The sender side is on the mainframe and the AIX is on the receiving end.
It is so happened that when we restarted the AIX server the sender was not able to connect to the receiving end for a long time. The mainframe team members even reported the channel was in a RETRYING state.
This was so even 40-50 mins after the AIX queue manager was up and running.
When we manually intervened and started the channel it however started running !
There was no symptom reported on the MQ error log too (i.e message seq number mismatch / max_resource exceeded etc). The log is only full of channel started / ended normally messages.
So we are still in the dark as to the root cause in order to avoid it in future.
However I did see an FDC getting generated at around that time. I have copy-pasted the first few lines of that :
+-----------------------------------------------------------------------------+
| |
| MQSeries First Failure Symptom Report |
| ===================================== |
| |
| Date/Time :- Saturday March 27 23:33:07 GMT 2004 |
| Host Name :- inbkp01 (AIX 4.3) |
| PIDS :- 5765B73 |
| LVLS :- 520 |
| Product Long Name :- MQSeries for AIX |
| Vendor :- IBM |
| Probe Id :- XC338001 |
| Application Name :- MQM |
| Component :- xehAsySignalHandler |
| Build Date :- May 30 2001 |
| CMVC level :- p520-CSD01G |
| Build Type :- IKAP - (Production) |
| UserID :- 00000203 (mqsi) |
| Program Name :- runmqchi |
| Process :- 00006766 |
| Thread :- 00000002 |
| Major Errorcode :- xecE_W_UNEXPECTED_ASYNC_SIGNAL |
| Minor Errorcode :- OK |
| Probe Type :- MSGAMQ6209 |
| Probe Severity :- 3 |
| Probe Description :- AMQ6209: An unexpected asynchronous signal (1) has |
| been received and ignored. |
| Arith1 :- 1 1 |
| Arith2 :- 6766 1a6e |
| |
+-----------------------------------------------------------------------------+
MQM Function Stack
xehAsySignalMonitor
xehHandleAsySignal
xcsFFST
MQM Trace History
{ xppInitialiseDestructorRegistrations
} xppInitialiseDestructorRegistrations rc=OK
{ xehAsySignalMonitor
-{ xppPostAsySigMonThread
-} xppPostAsySigMonThread rc=OK
-{ xehHandleAsySignal
--{ xcsRequestThreadMutexSem
--} xcsRequestThreadMutexSem rc=OK
--{ xcsFFST
==========>>>>>
Has anyone faced this situation earlier ? Any help is greatly appreciated.
Thanks & Regards,
Aravind |
|
Back to top |
|
 |
gunter |
Posted: Tue Mar 30, 2004 3:59 am Post subject: |
|
|
Partisan
Joined: 21 Jan 2004 Posts: 307 Location: Germany, Frankfurt
|
There should be an entry in the errorlog of the sending queuemanager. If a channel is retrying, there was a "channel stopped by error" before. Mostly there is nothing to find on the receiving queuemanager, because the sender couldn't connect it. _________________ Gunter Jeschawitz
IBM Certified System Administrator - Websphere MQ, 5.3 |
|
Back to top |
|
 |
tkaravind |
Posted: Wed Mar 31, 2004 4:37 am Post subject: |
|
|
Acolyte
Joined: 24 Jul 2001 Posts: 62
|
Hi,
There is nothing reported on the sender side. There are multiple "Channel Started" messages ...this goes to show that the channel was retrying for a long period time. No other error is being flagged off here.

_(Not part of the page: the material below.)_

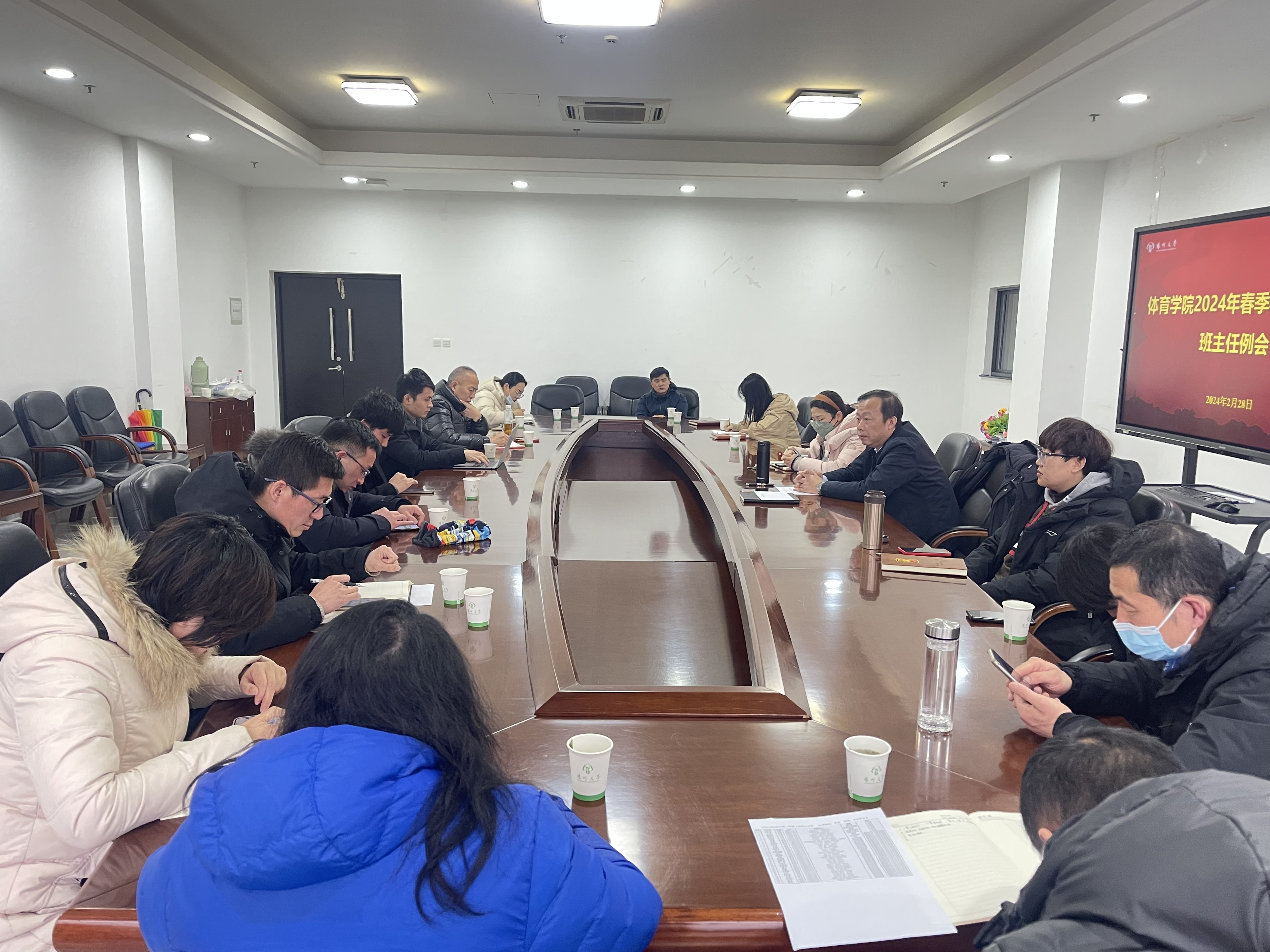 2月28日,学院在文体馆WE201召开了2023-2024学年春季学期第一次班主任例会,院党委副书记蒋义刚出席会议并讲话,院团委书记、学工办主任滕静主持会议。

For the same duration, on the receiver side (AIX), I have corresponding sets of "Channel started " immediately followed by "Channel ended normally"
At the point where we manually stopped & started the channel I get "Channel Active" on the mainframe and the "Channel Started" on the receiver. Then everything was normal.
Does this mean that the receiver was somehow ending when it was supposed to have been in Started mode ?
Thanks & Regards,
Aravind |
|
Back to top |
|
 |
gunter |
Posted: Sat Apr 03, 2004 12:00 am Post subject: |
|
|
Partisan
Joined: 21 Jan 2004 Posts: 307 Location: Germany, Frankfurt
|
I remember, we had a similar problem with a channel between mainframe and windows or solaris with different channel states on both ends.
We could start the channel only after a STOP FORCE on the mainframe. I believe, the solution was to set AdoptNewMCA.
But there was always a message in the errorlog on the mainframe.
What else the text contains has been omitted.